◆ EXERCISE DATA:
-- -- --
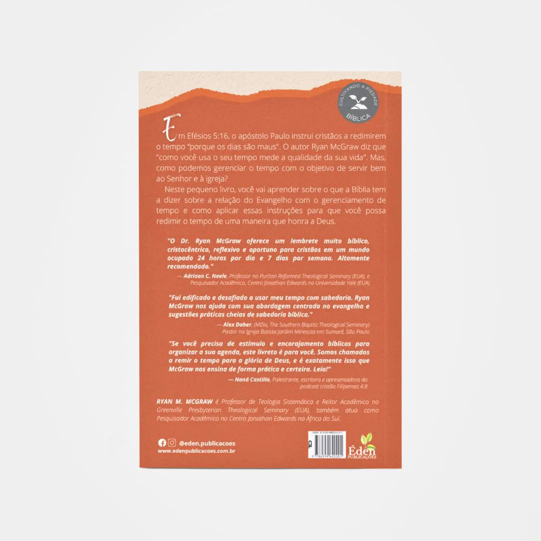 Em Efésios 5:16, o apóstolo Paulo intrui cristãos a remirem "o tempo, porque os dias são maus". O autor Ryan McGraw diz que "a maneira como você usa seu tempo define a qualidade de sua vida." Mas, como você pode administrar o seu tempo para servir bem ao Senhor e à igreja? Neste pequeno livro, você vai aprender sobre o que a Bíblia tem a dizer acerca do Evangelho como fundamento para o gerenciamento de tempo, e como aplicar seus princípios para redimir o tempo de uma forma que honre a Deus.
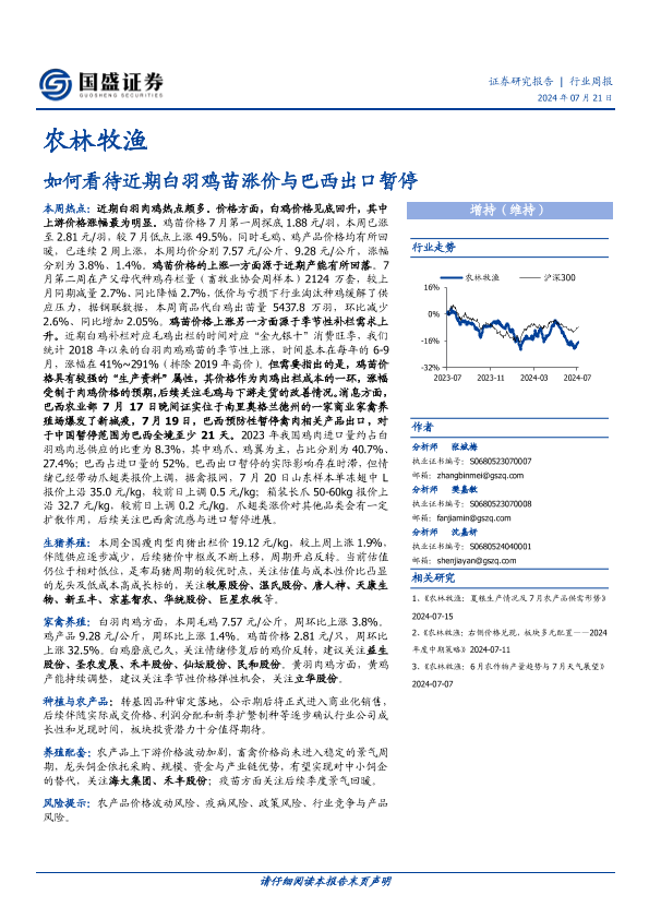 【国盛证券】【20240721】20240721-国盛证券-农林牧渔行业周报:如何看待近期白羽鸡苗涨价与巴西出口暂停-15页
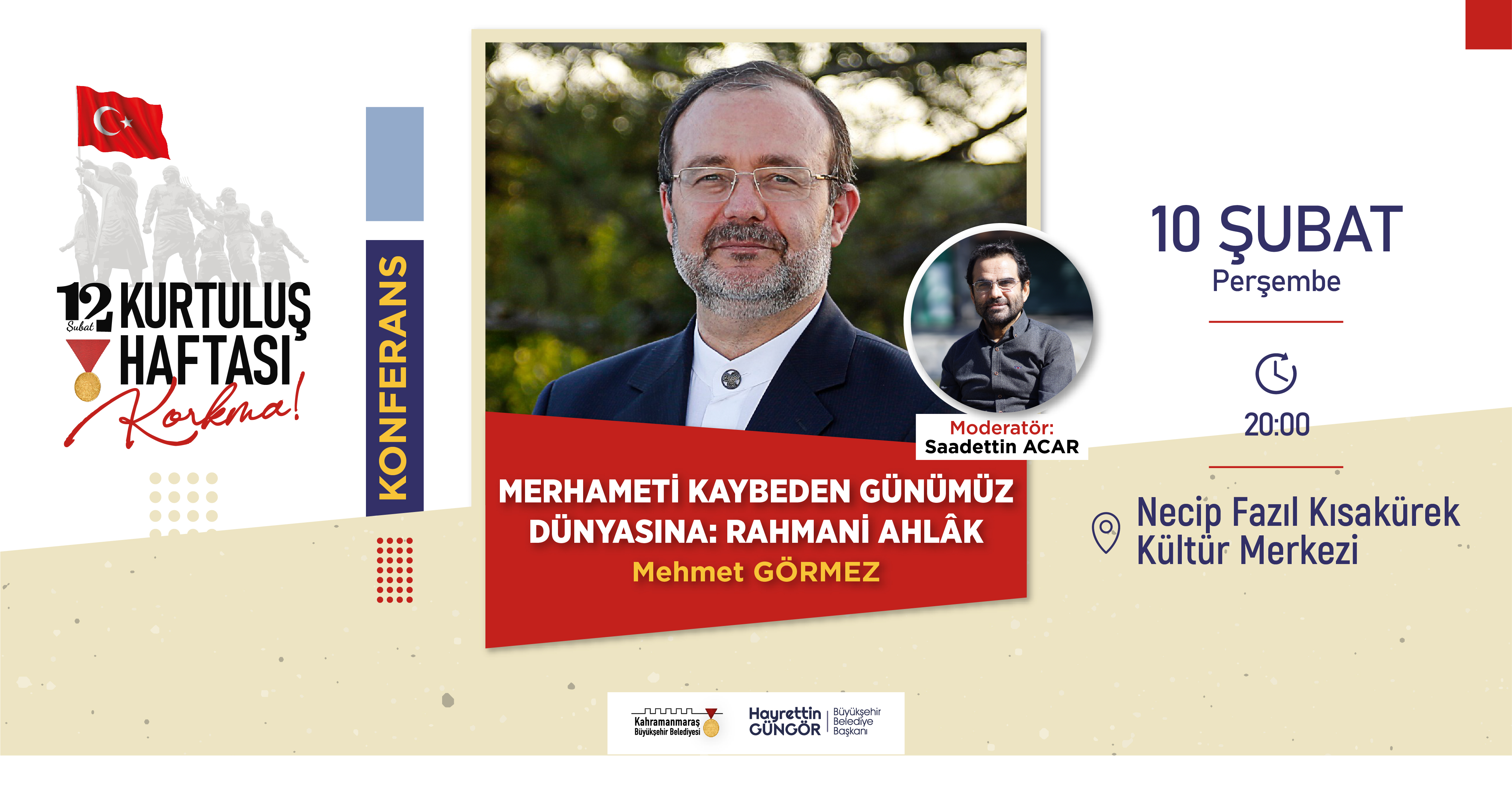Saat 20.00: Necip Fazıl Kısakürek Kültür Merkezi’nde Prof. Dr. İlyas Gökhan ve Doç. Dr. Erhan Alparslan’ın konuk olacağı ‘Maraş Milli Mücadelesi ve Şehrimize Kahramanlık Unvanı Verilişi’ isimli panel düzenlenecek.
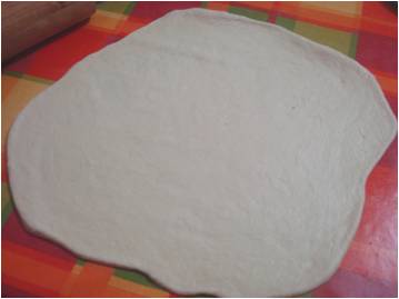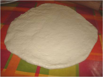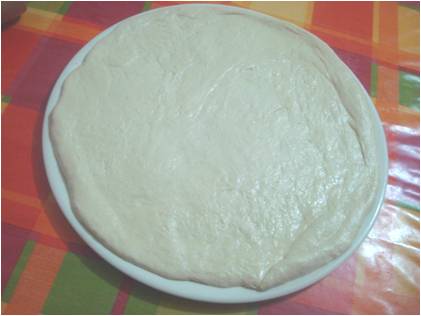 dandoli una forma tonda di grandezza quanto il piatto per pizza..
-- -- --
◆ EXERCISE REQUIREMENTS: Nothing but the lines from the line with "Saat 20.00: Necip" through the end of the listing should appear in the answer, each duplicated exactly, without pictures.

◆ TASK RESPONSE:
Saat 20.00: Necip Fazıl Kısakürek Kültür Merkezi’nde Prof. Dr. İlyas Gökhan ve Doç. Dr. Erhan Alparslan’ın konuk olacağı ‘Maraş Milli Mücadelesi ve Şehrimize Kahramanlık Unvanı Verilişi’ isimli panel düzenlenecek.
 dandoli una forma tonda di grandezza quanto il piatto per pizza..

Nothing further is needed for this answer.